Directions for this task
Without including any pictures, copy every line below exactly.
** Data extract follows **
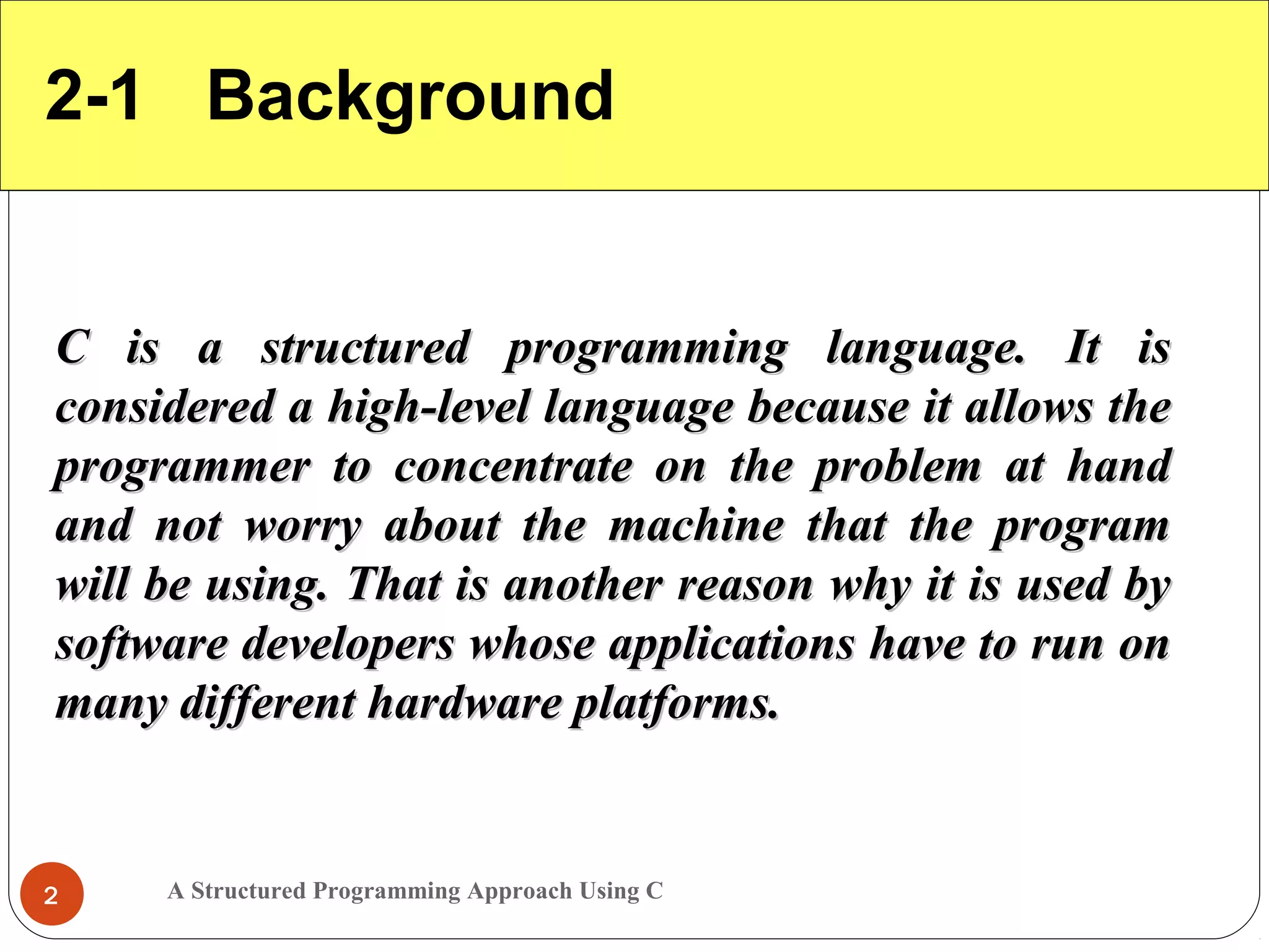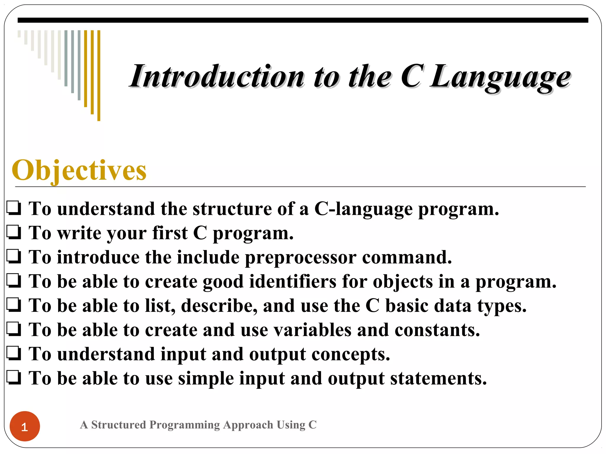 This document provides an introduction to the C programming language. It outlines the objectives of learning C which include understanding the structure of C programs, writing basic C programs, using variables and data types, and performing input and output. The document then covers various aspects of C in more detail such as the structure of C programs, using identifiers, basic data types, variables, constants, and input/output statements. It provides examples to illustrate concepts like variable declaration, arithmetic operators, and precedence.
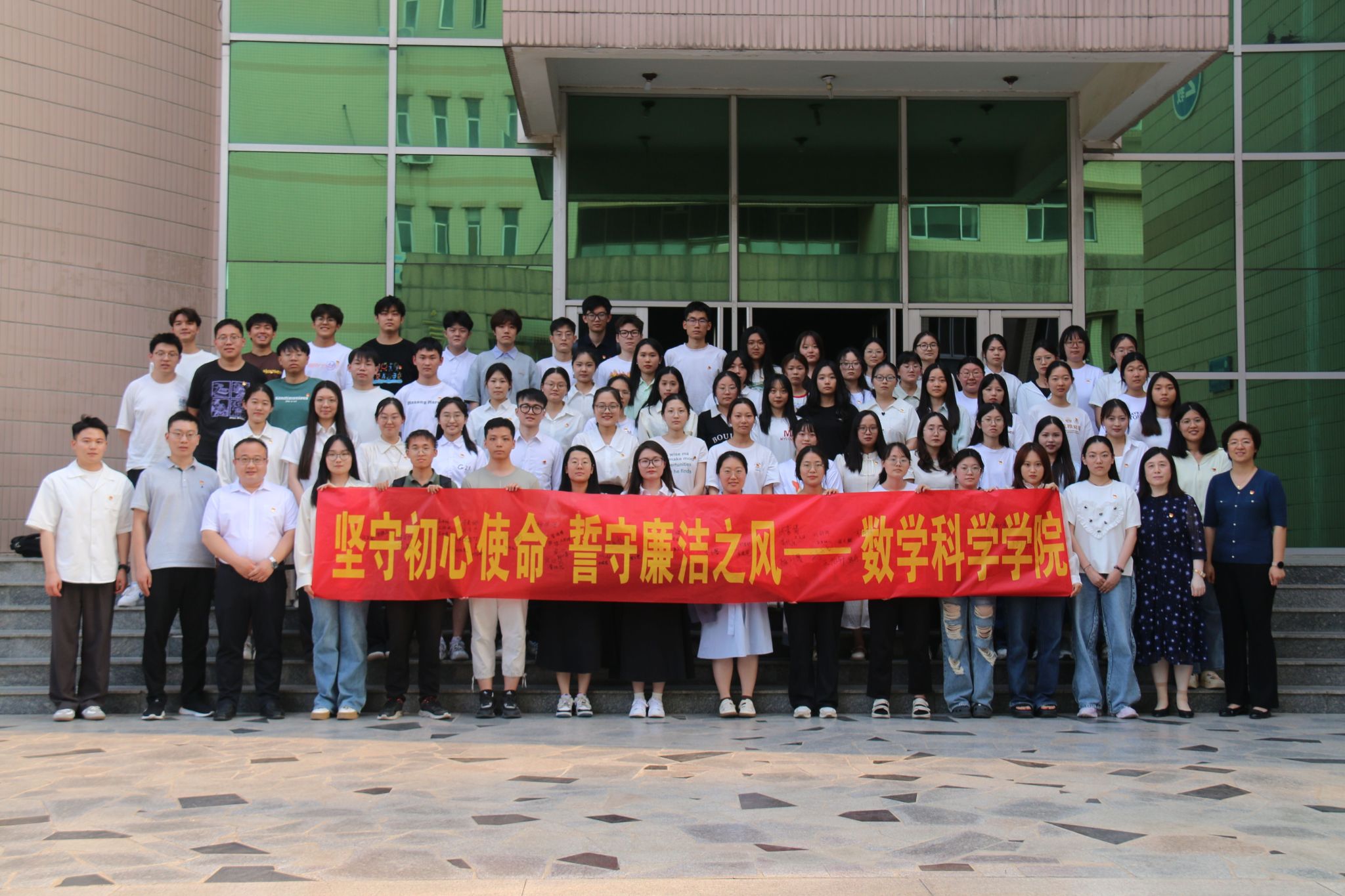 在毕业生党员代表李岩键带领下,全体毕业生党员重温入党誓词,并在印有“坚守初心使命 誓守廉洁之风”的条幅上郑重签名。
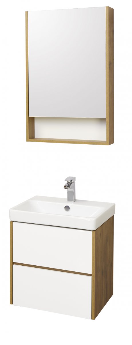 Зеркальный шкаф Акватон Сканди 55 см 1A252102SDZ90 подвесной, белый/дуб рустикальный
** End of Data extract **
Your response
 This document provides an introduction to the C programming language. It outlines the objectives of learning C which include understanding the structure of C programs, writing basic C programs, using variables and data types, and performing input and output. The document then covers various aspects of C in more detail such as the structure of C programs, using identifiers, basic data types, variables, constants, and input/output statements. It provides examples to illustrate concepts like variable declaration, arithmetic operators, and precedence.
 在毕业生党员代表李岩键带领下,全体毕业生党员重温入党誓词,并在印有“坚守初心使命 誓守廉洁之风”的条幅上郑重签名。
 Зеркальный шкаф Акватон Сканди 55 см 1A252102SDZ90 подвесной, белый/дуб рустикальный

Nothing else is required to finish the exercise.